### Problem details
Could you retype exactly the lines below between the one holding "Austin has now" and the one holding "Imanol Pradales y", inclusive, leaving out any pictures?

### Records provided
------------

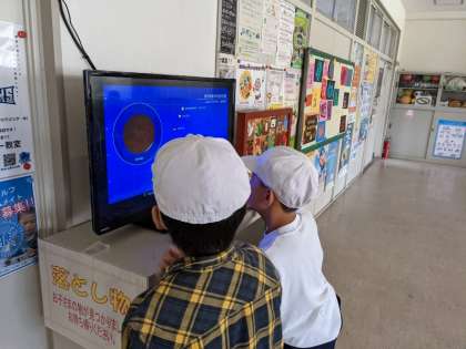職員室前で月食のことを紹介しています。子どもたちは興味をもってみています。
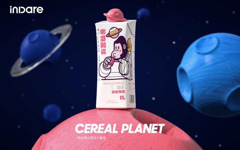 潮饮赛道上,与「Cereal Planet 谷物星球」合作进行品牌升级, inDare 在原先包装设计的基础上,结合谷大猩的 IP 形象,以动画及效果图渲染的形式深度还原谷物奶的制作过程,打破外界对传统饮料的固有印象,以更有趣、更生动的方式将创意设计呈现出来。
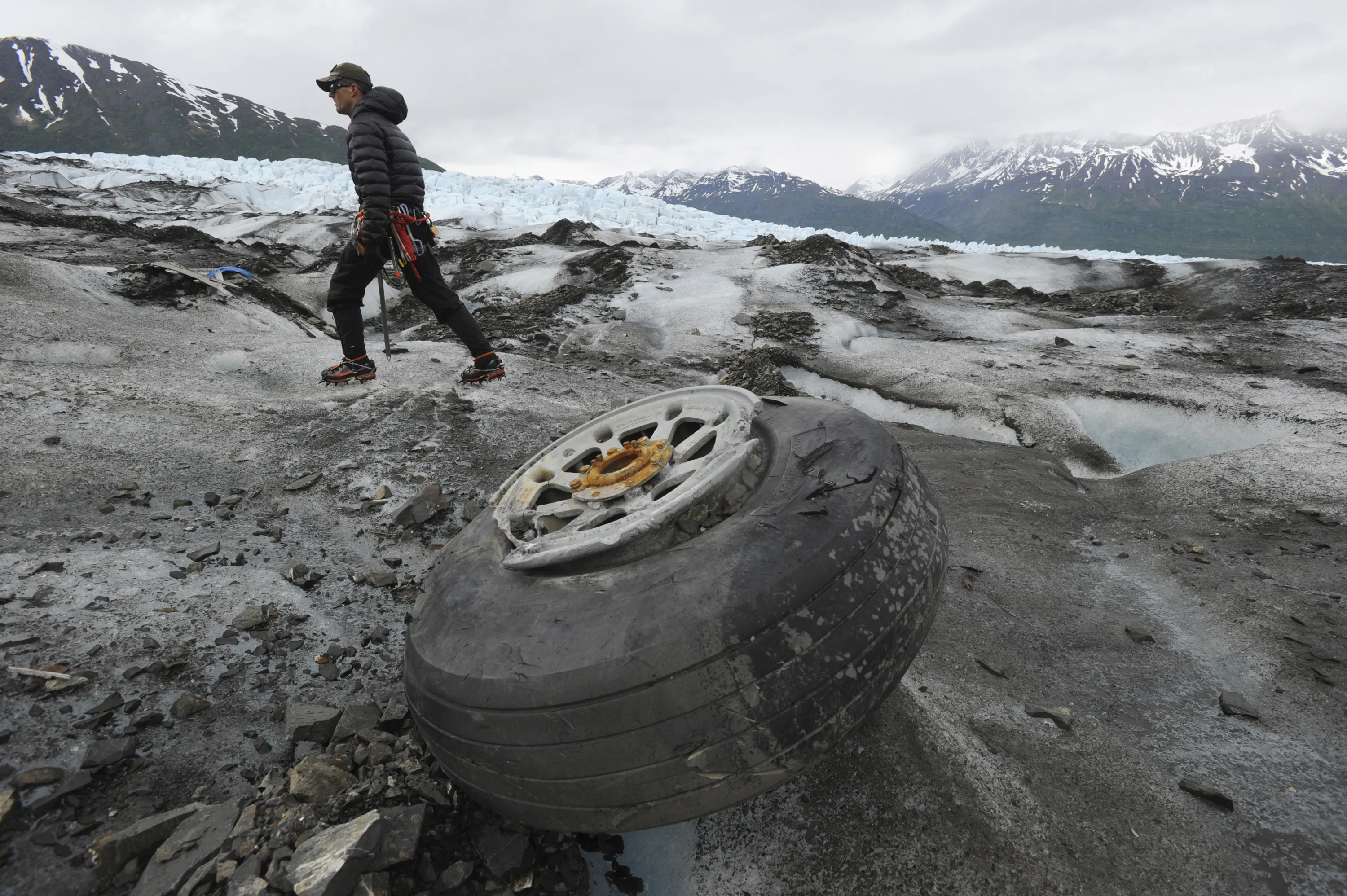 In this June 10, 2015 file photo, U.S. Marines Capt. David Gooch, with the Defense POW/MIA Accounting Agency, walks past an aircraft wheel assembly resting on the ice surface of Colony Glacier in Alaska. The Air Force says it's identified more remains of service members who died when a military transport plane slammed into the Alaska mountain six decades ago, killing all 52 people aboard. Military officials say 31 victims have been recovered and identified since the wreckage of the C-124 Globemaster was rediscovered four years ago. An Alaska Army National Guard helicopter crew flying over the area spotted the debris about 50 miles northeast of Anchorage. (Photo by Bill Roth/Alaska Dispatch News via AP Photo)
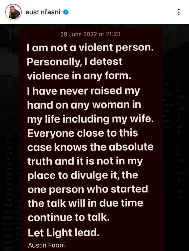 Austin has now reacted. He revealed that he’s not an abusive person and has never raised his hand on any woman, including his wife. Read below:
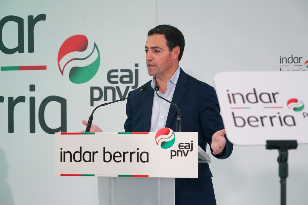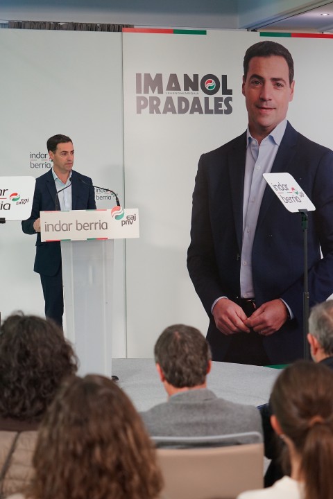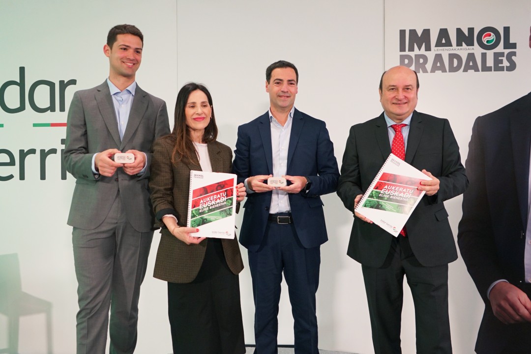Imanol Pradales y Andoni Ortuzar presentan el programa electoral para el Parlamento Vasco 2024 03Abril
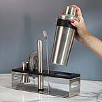 Elevate your cocktail-making experience with this elegant 6-piece Bar Tool Set from Rabbit, which includes all the tools you need to become a master mixologist, including: double-walled cocktail shaker with integrated strainer, muddler, stir spoon, double-sided jigger, Hawthorne strainer, and stand. The double-walled shaker ensures insulation and prevents condensation with a soft grip for comfortable handling. Made from durable, rust-resistant, high-quality stainless steel.
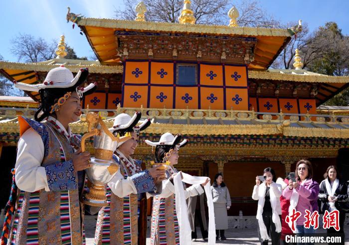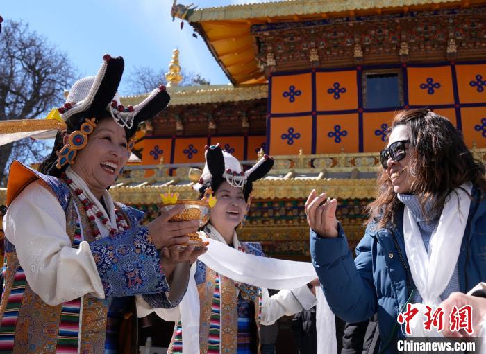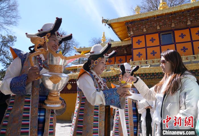 2月20日,由西藏自治區文化和旅游廳舉辦的2025年香港至拉薩航班首航旅行團歡迎儀式在羅布林卡舉行。來自香港的游客將前往布達拉宮、大昭寺等地,開啟冬游西藏旅途。2月19日,拉薩至香港的首條地區航線正式開通。航線的開通,更加便捷了兩地居民的出行,也將進一步促進兩地在旅游、文化、經貿等領域的交流與合作。圖為歡迎儀式現場,工作人員向香港游客敬獻青稞酒。中新社記者 李林 攝
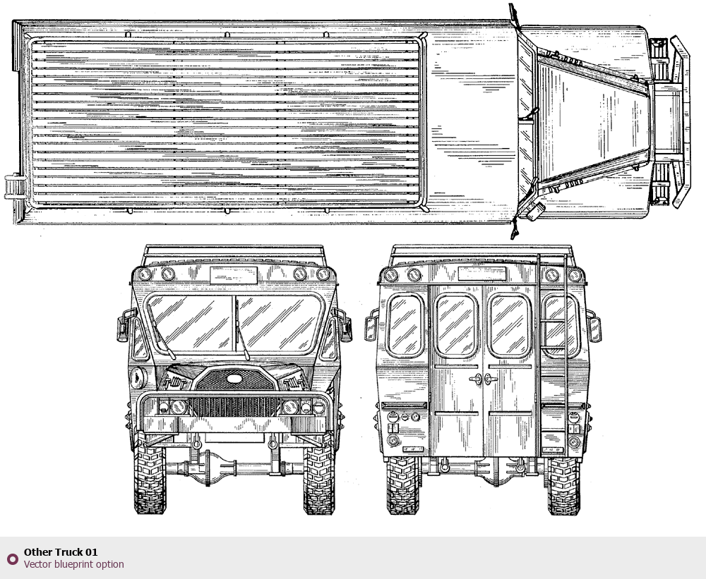 Raster blueprint of the Other Truck 01 Heavy Truck. This free downloadable image can be used for graphic projects, digital design, and 3D modeling. The file provides accurate exterior proportions of the vehicle. Body type: Heavy Truck.

------------

### Output for this task
 Austin has now reacted. He revealed that he’s not an abusive person and has never raised his hand on any woman, including his wife. Read below:
Imanol Pradales y Andoni Ortuzar presentan el programa electoral para el Parlamento Vasco 2024 03Abril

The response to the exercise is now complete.